According to another exemplary implementation, by installing an aligning wall slightly recessed from the distal tip of the elastic fibers, the front ends of the print papers are prevented from being inserted too deeply between each of the plurality of elastic fibers.
According to another exemplary implementation, by providing an electrical ground for the elastic fibers, double feeding or multiple feeding caused by static electricity is prevented.
While the present invention has been particularly shown and described with reference to exemplary embodiments thereof, it will be understood by those of ordinary skill in the art that various changes in form and details may be made therein without departing from the spirit and scope of the present invention as defined by the appended claims.

Claims

1. A sheet paper separating apparatus, comprising:

a transporting element for transporting paper sheets by contacting a top sheet of a stack of the paper sheets and causing at least the top sheet of the stack of paper sheets to transport; and

a plurality of elastic fibers for inducing buckling of the at least the top sheet of the stack of paper using an elastic force, contact a front end of the at least the top sheet of the stack of paper sheets.

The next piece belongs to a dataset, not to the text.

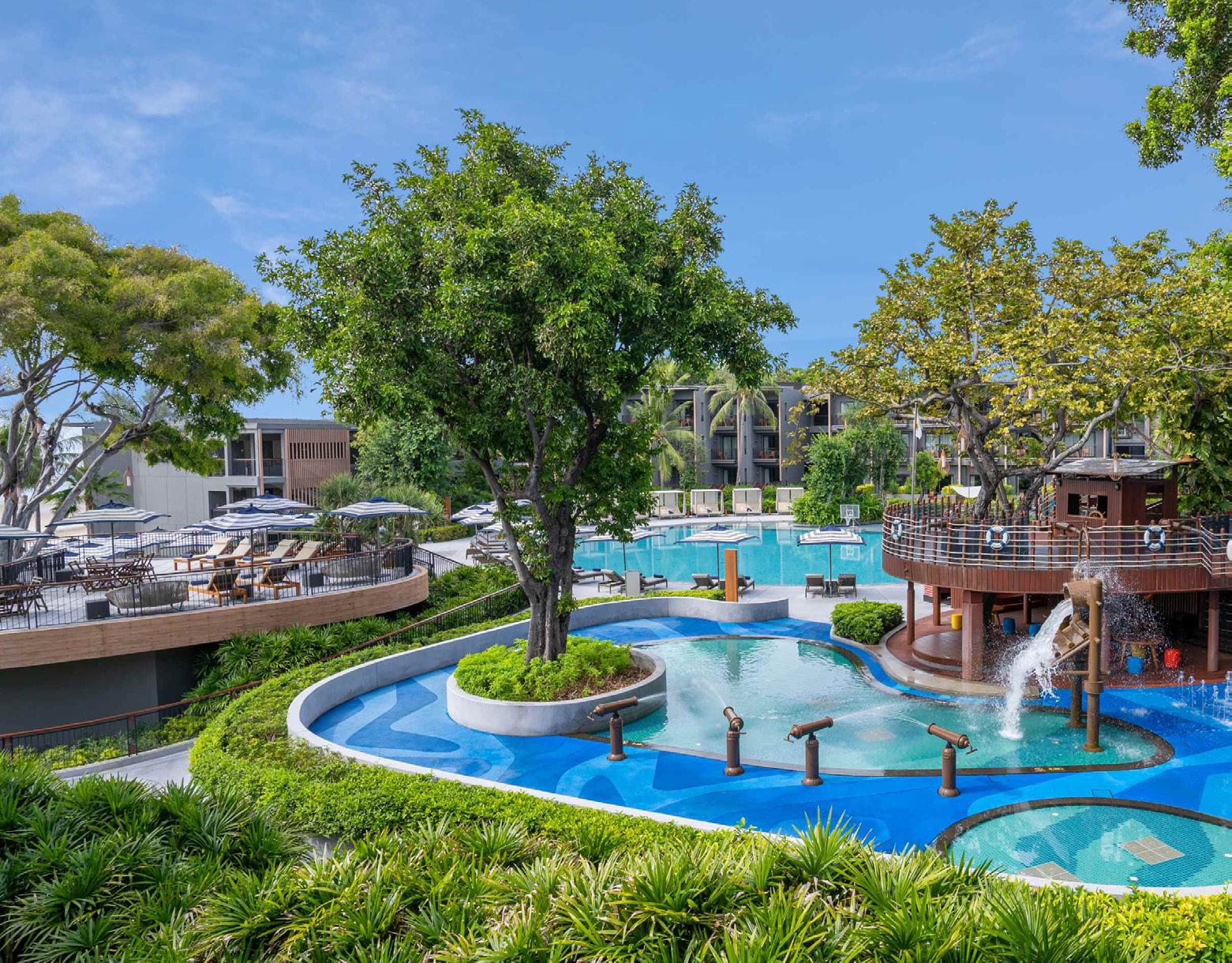 Food elevates beach fare to art: think towering seafood platters with Phuket lobster, Wagyu beef sliders infused with Thai basil, and vegan poke bowls using local superfoods—all sourced daily for freshness. Pools dominate with a massive main lagoon plus kids' splash zones, ensuring family fun transitions to adult cabanas by dusk.

2. The print paper separating apparatus of claim 1, wherein the plurality of the elastic fibers are arranged at a tilt angle with respect to the stack of paper sheets.

3. The print paper separating apparatus of claim 2, further comprising, an aligning wall recessed from the plurality of the elastic fibers, wherein front ends of the stack of paper sheets are aligned by coming into contact with the aligning wall.

4. The print paper separating apparatus of claim 3, wherein the plurality of the elastic fibers comprise respective distal tips, and the aligning wall is parallel to the distal tips of the plurality of elastic fibers.

5. The print paper separating apparatus of claim 1, wherein the plurality of elastic fibers are electrically coupled to ground.

6. A method of separating a top sheet of paper from a stack of paper sheets, the method comprising:

inserting a stack of paper sheets at a tilt angle relative to a plurality of elastic fibers, the elastic fibers being adapted to induce buckling by elastic force; and

advancing the top sheet of the stack of the paper sheets toward the elastic fibers,

wherein the elastic fibers bend in response to contact with at least the advancing top sheet until the at least the advancing top sheet applies a level of force against the elastic fibers so as to cause the top sheet to buckle and transport over the elastic fibers.

7. The method of claim 6, further comprising the tilt angle adjusting to accommodate paper thickness.